Moti Laxmi Upasika (1909–1997) was a pioneering Nepal Bhasa (Newar) woman writer and is widely regarded as the first modern female story writer of Nepal. She got married at early age and got divorced at the age of 12 year. She is credited with breaking ground for women in Nepali and Nepal Bhasa literature, inspiring future generations of female writers. Her work and life are celebrated in Nepalese literary circles for their social, cultural, and linguistic importance. Because of this, scholars, Nepal Academy publications, and literary historians consistently describe her as someone who opened the door for later generations of female writers in Nepal. She wasn’t just a writer — she was a pioneer female literary voice in Nepal at a time when social structures restricted women’s intellectual participation.

 

She was a sister of Chittadhar Hridaya (1906–1982) who was one of the greatest literary figures of Nepal and a central leader of the Nepal Bhasa (Newar) literary renaissance. His full name was Chittadhar Hridaya Tuladhar. He is often respectfully referred to simply as “Hridaya” in Nepali literature. At a time when the Rana regime had banned Nepal Bhasa writing, Hridaya continued to write secretly and became a symbol of cultural resistance. His masterpiece, written in prison, is an epic poem on the life of Gautama Buddha and is considered one of the greatest works in Nepal Bhasa literature. Hridaya dedicated his life to serving his mother tongue, rejecting a flourishing ancestral business and suffering imprisonment by an autocratic government. In 1941, he was jailed for five years by the Rana regime for writing a poem in Nepal Bhasa in a crackdown against the language. The anthology contained a poem entitled Mother which he had written while mourning his mother's death. He had signed the poem "Motherless child" which the government took to mean that it had deprived the Newars of their mother tongue. For this reason, the poem was deemed subversive; and in 1940, he was sentenced to six years in jail. Schools, streets, and literary awards in Nepal are named after him. He is studied as a foundational figure in Nepal’s literary history. Chittadhar Hridaya and Moti Laxmi Upasika are first cousins of Dharma Ratna Yami. 

 

Words Spoken After Her Death

In the days after Heera Devi passed away, the house filled with relatives. It was then that Biswa Laxmi Tuladhar spoke words the daughters never forgot: “You six daughters are very lucky. Your mother has legally given one ropani of land to each of you. This is unheard of. Parents do not give property to daughters. But your mother did.” Through her words, the daughters realized something profound: their mother had tried to change a social rule within her own lifetime however Moti Laxmi Upasika stopped the legal process. 

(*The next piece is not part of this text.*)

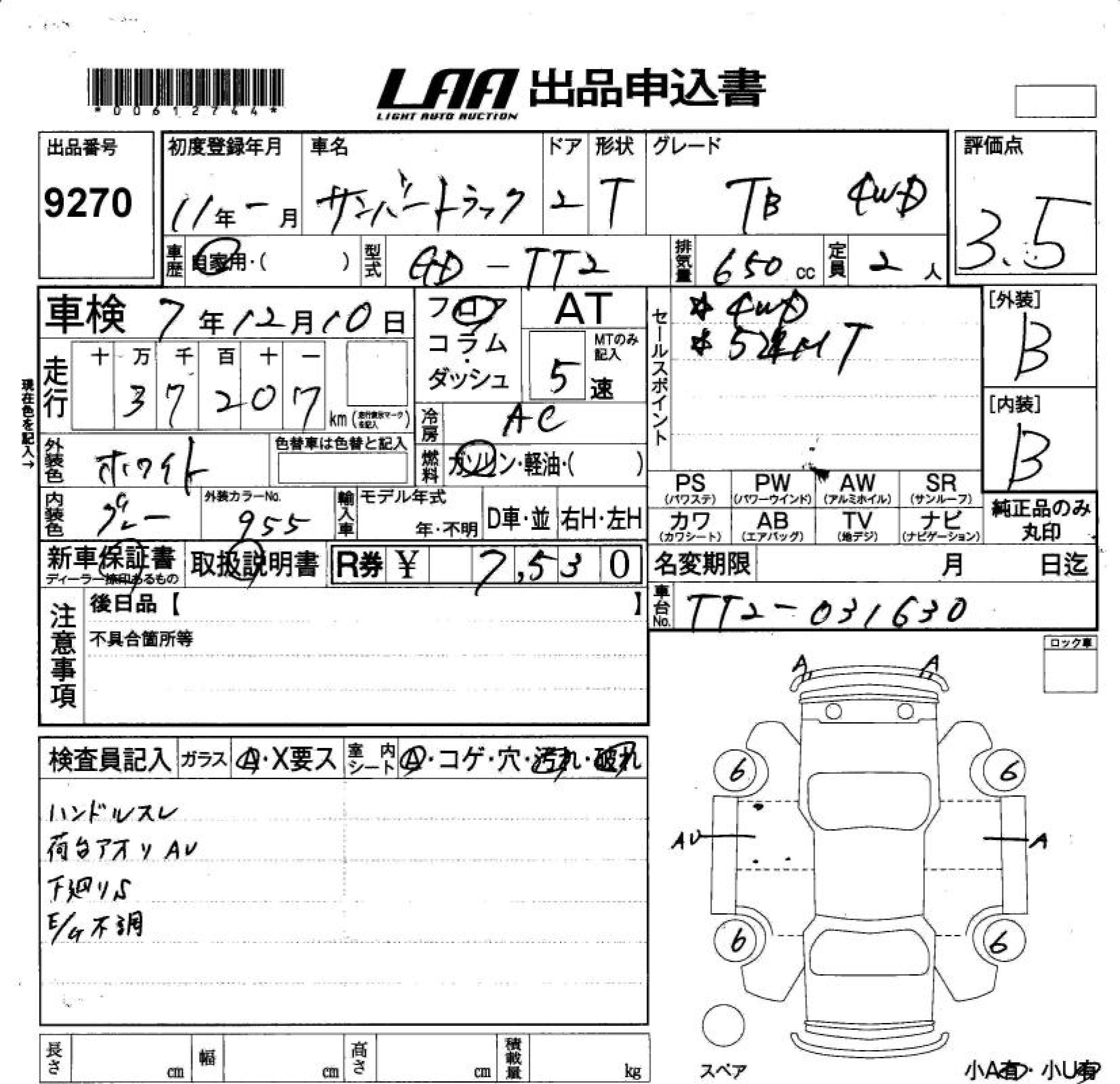 SUBARU SAMBAR TRUCK TB 4WD - лот 9270
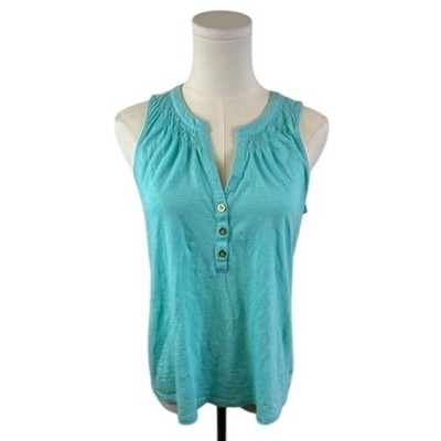 Lilly Pulitzer Sleeveless Top Button Up Aqua Blue Casual Tank Size S

Regret Among First Cousins

Heera Devi’s first cousins, especially Latan Devi Shakya, later spoke with regret. Living next door to Moti Laxmi Upasika, she had witnessed the objections and tensions directly. She remembered clearly that there was active resistance to the idea of transferring property to daughters. For her, the tragedy was not only Heera Devi’s death, but that she died without seeing her intention fulfilled. This memory stayed within the family as a moment when social custom proved stronger than individual resolve.

Illness, Anxiety, and a Painful Contradiction

In her last years, Heera Devi lived with asthma, heart problems, and constant worry for her children—especially her daughters. An article later written by Moti Laxmi Upasika in the Dharma Ratna Yami Smriti Granth (2046 B.S.) described Heera Devi as deeply anxious about her children’s future. Family members who read it felt a painful contradiction: the same person who documented her anxiety had opposed the concrete step she took to secure her daughters’ future. At that time, inheritance without a son passed to male relatives, not daughters. Women too upheld this norm. For Heera Devi, this was a source of frustration in her final days. She had tried to demonstrate change in practice. Society—and even family—was not ready. Heera Devi died in the lap of third child Timila begging her to call Moti Laxmi Upasika.